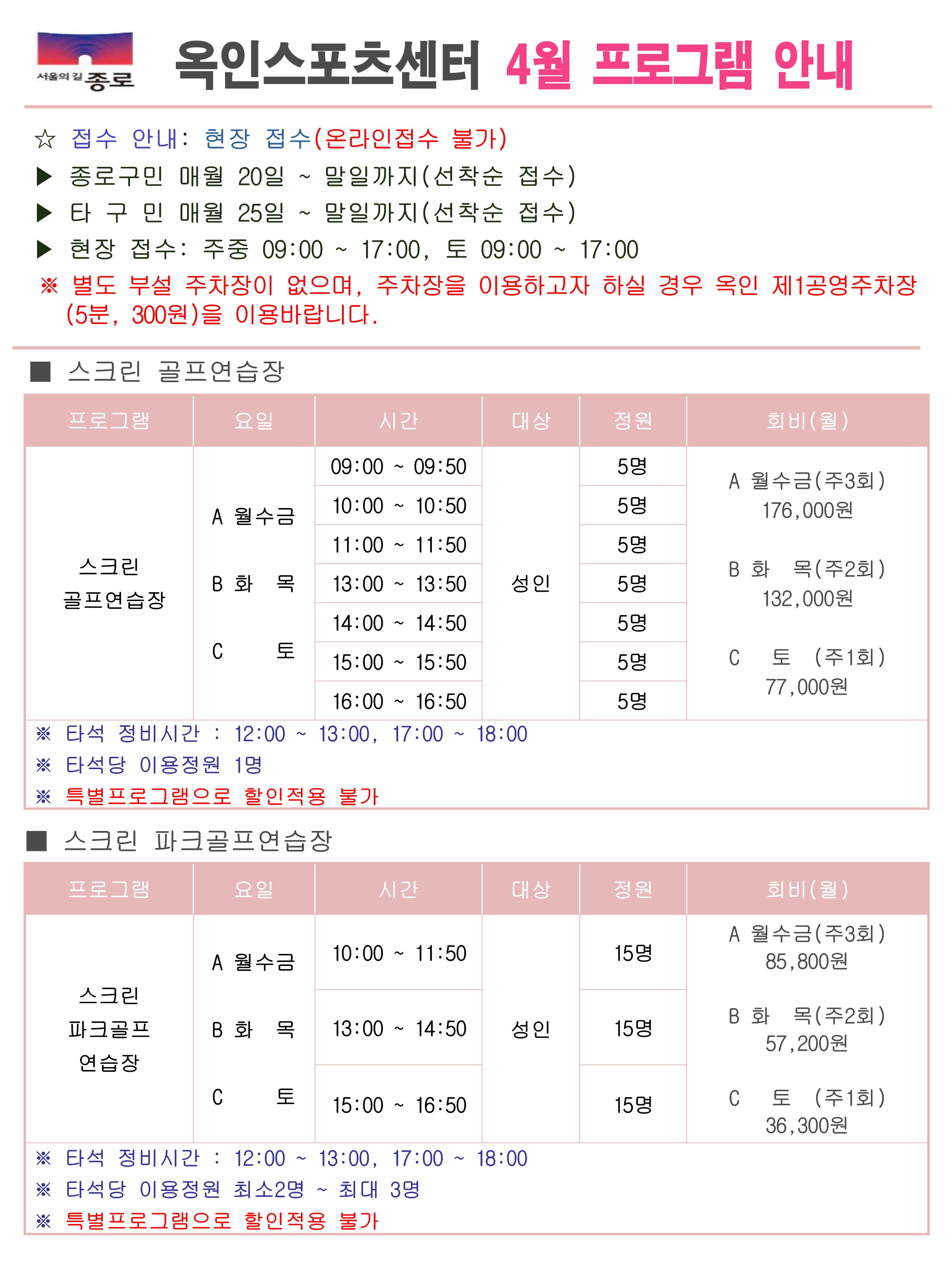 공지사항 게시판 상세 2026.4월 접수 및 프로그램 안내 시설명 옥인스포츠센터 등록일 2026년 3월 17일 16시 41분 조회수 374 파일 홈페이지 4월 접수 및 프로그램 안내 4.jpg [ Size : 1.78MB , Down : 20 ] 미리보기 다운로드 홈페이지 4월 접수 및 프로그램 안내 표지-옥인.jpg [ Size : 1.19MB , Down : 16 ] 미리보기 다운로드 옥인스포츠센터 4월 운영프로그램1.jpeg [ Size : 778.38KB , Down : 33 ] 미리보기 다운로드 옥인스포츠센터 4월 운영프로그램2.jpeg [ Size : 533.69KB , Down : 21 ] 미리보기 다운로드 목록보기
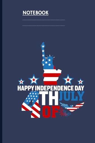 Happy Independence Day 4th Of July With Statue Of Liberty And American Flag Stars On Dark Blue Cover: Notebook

· · ·

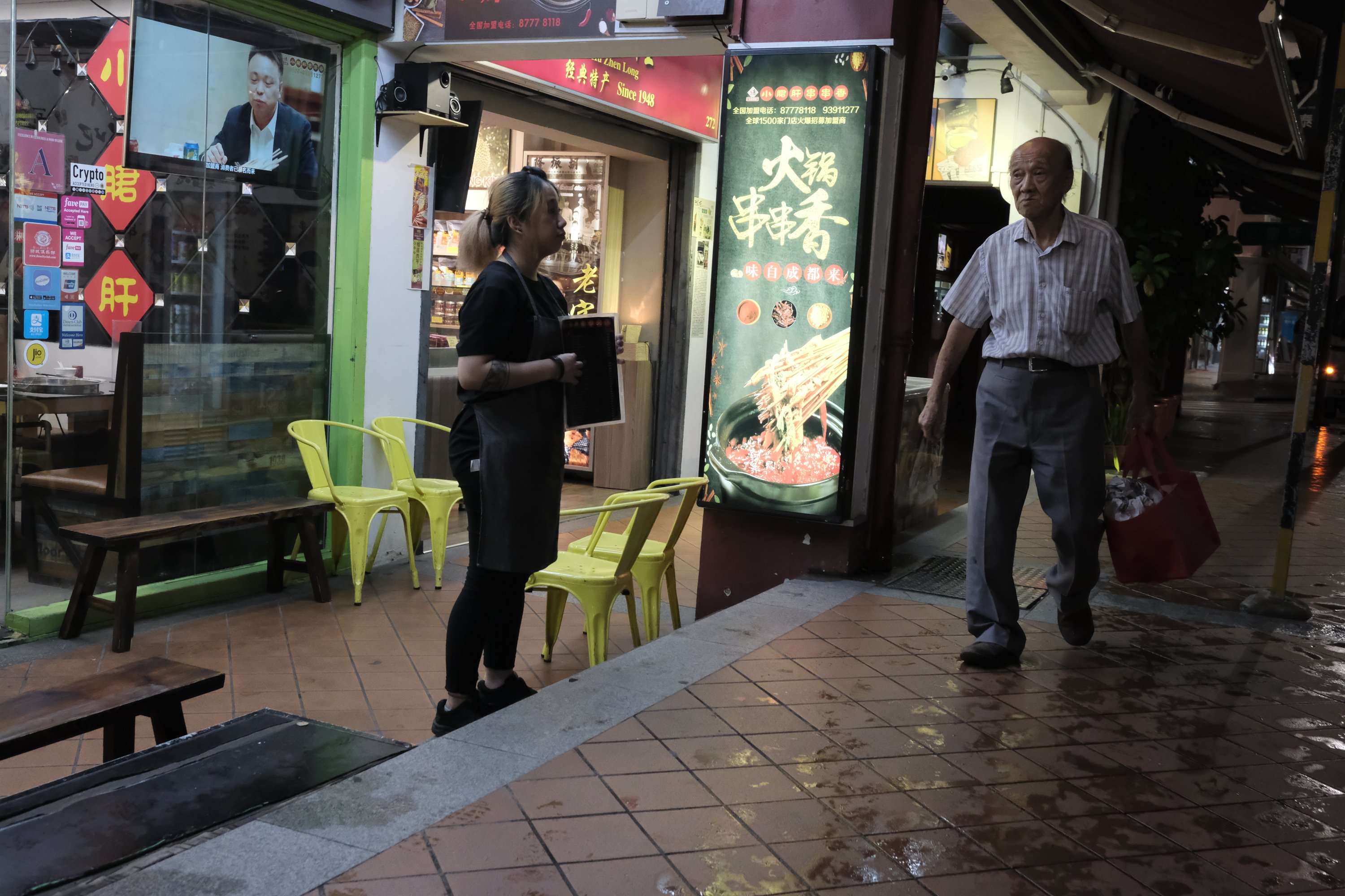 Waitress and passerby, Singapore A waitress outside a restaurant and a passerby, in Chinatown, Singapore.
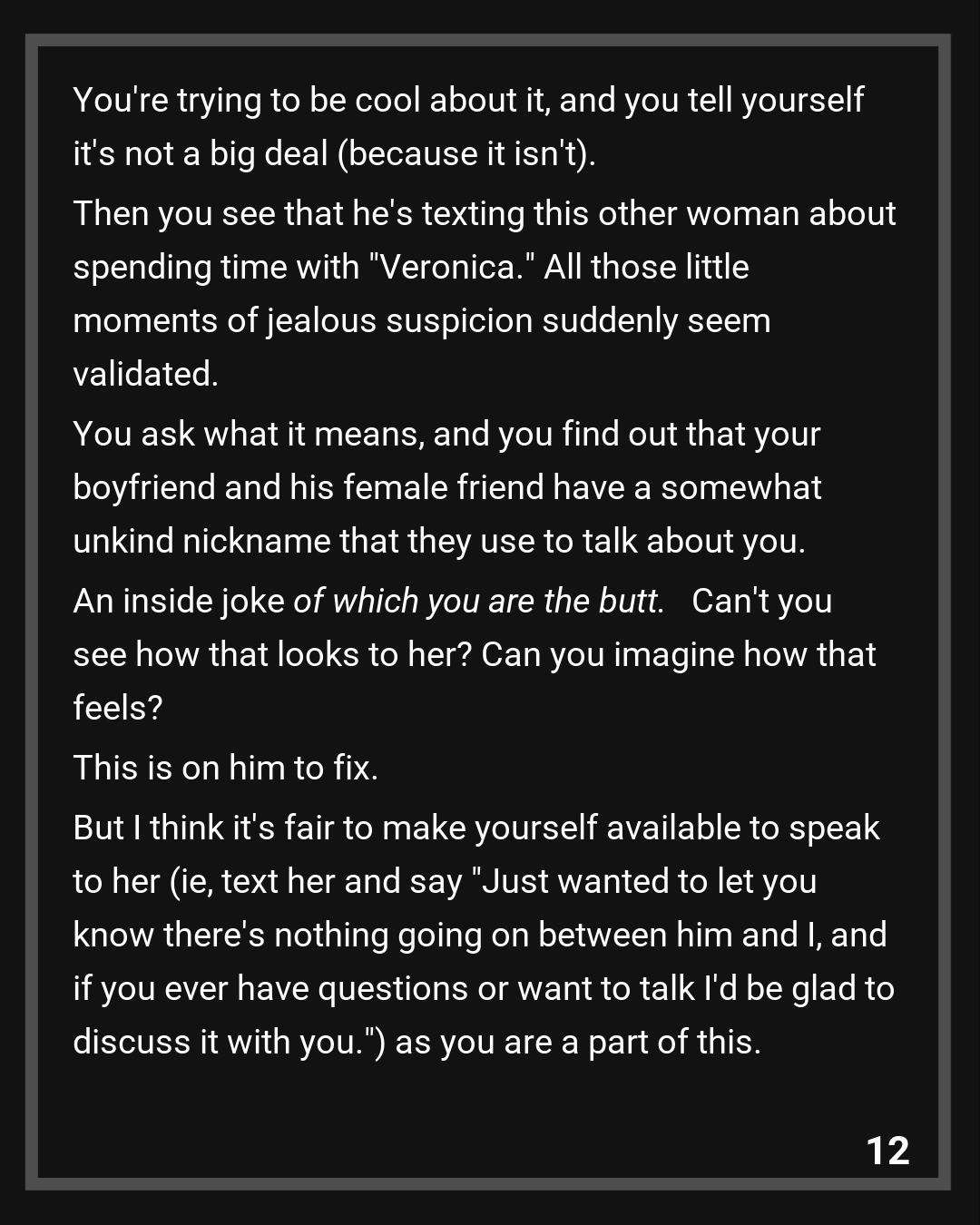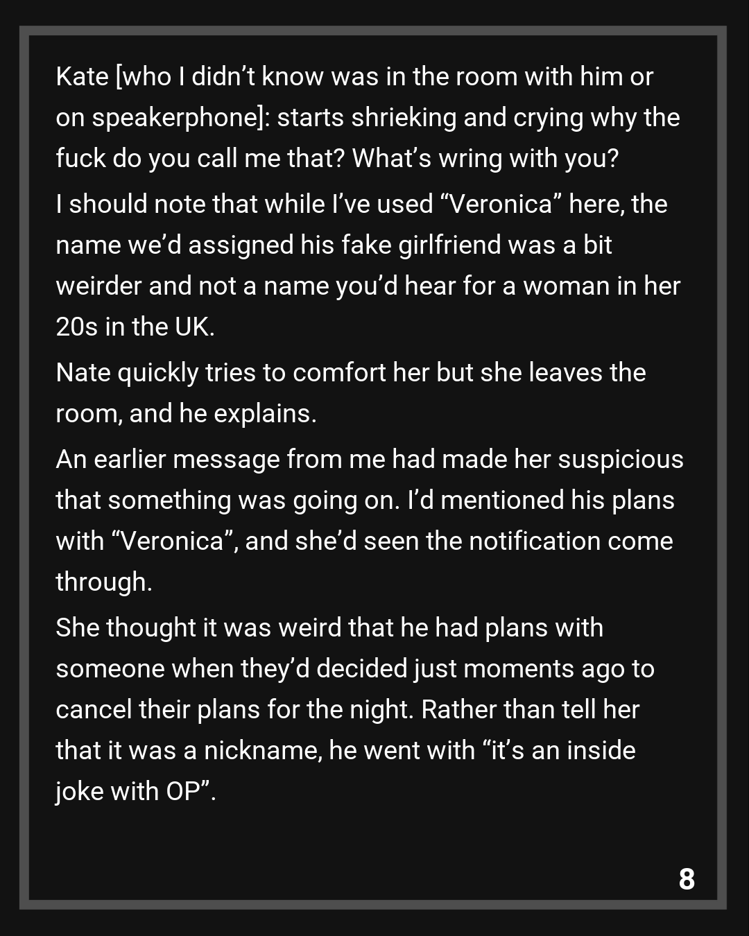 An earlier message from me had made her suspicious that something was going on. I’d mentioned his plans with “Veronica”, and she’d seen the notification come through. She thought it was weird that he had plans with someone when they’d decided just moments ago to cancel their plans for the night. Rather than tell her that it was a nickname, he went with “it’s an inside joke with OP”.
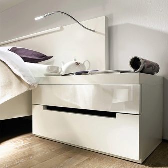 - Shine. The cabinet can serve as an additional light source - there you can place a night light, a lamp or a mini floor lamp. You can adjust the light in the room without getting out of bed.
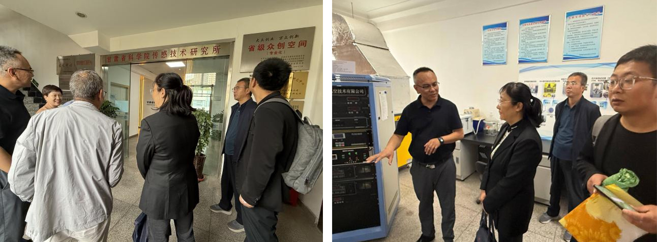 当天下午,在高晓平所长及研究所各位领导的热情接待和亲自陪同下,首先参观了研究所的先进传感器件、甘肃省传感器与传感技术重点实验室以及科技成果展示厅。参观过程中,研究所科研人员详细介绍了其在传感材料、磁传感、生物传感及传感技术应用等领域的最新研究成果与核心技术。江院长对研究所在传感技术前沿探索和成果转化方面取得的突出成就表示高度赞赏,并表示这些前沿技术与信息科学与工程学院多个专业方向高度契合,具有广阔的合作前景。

· · ·

In the listing above, find the line with "- Shine. The" and the line with "当天下午,在高晓平所长及研究". Set down exactly those lines and everything between them, skipping pictures.

SOLUTION FOR THIS TASK:
 - Shine. The cabinet can serve as an additional light source - there you can place a night light, a lamp or a mini floor lamp. You can adjust the light in the room without getting out of bed.
 当天下午,在高晓平所长及研究所各位领导的热情接待和亲自陪同下,首先参观了研究所的先进传感器件、甘肃省传感器与传感技术重点实验室以及科技成果展示厅。参观过程中,研究所科研人员详细介绍了其在传感材料、磁传感、生物传感及传感技术应用等领域的最新研究成果与核心技术。江院长对研究所在传感技术前沿探索和成果转化方面取得的突出成就表示高度赞赏,并表示这些前沿技术与信息科学与工程学院多个专业方向高度契合,具有广阔的合作前景。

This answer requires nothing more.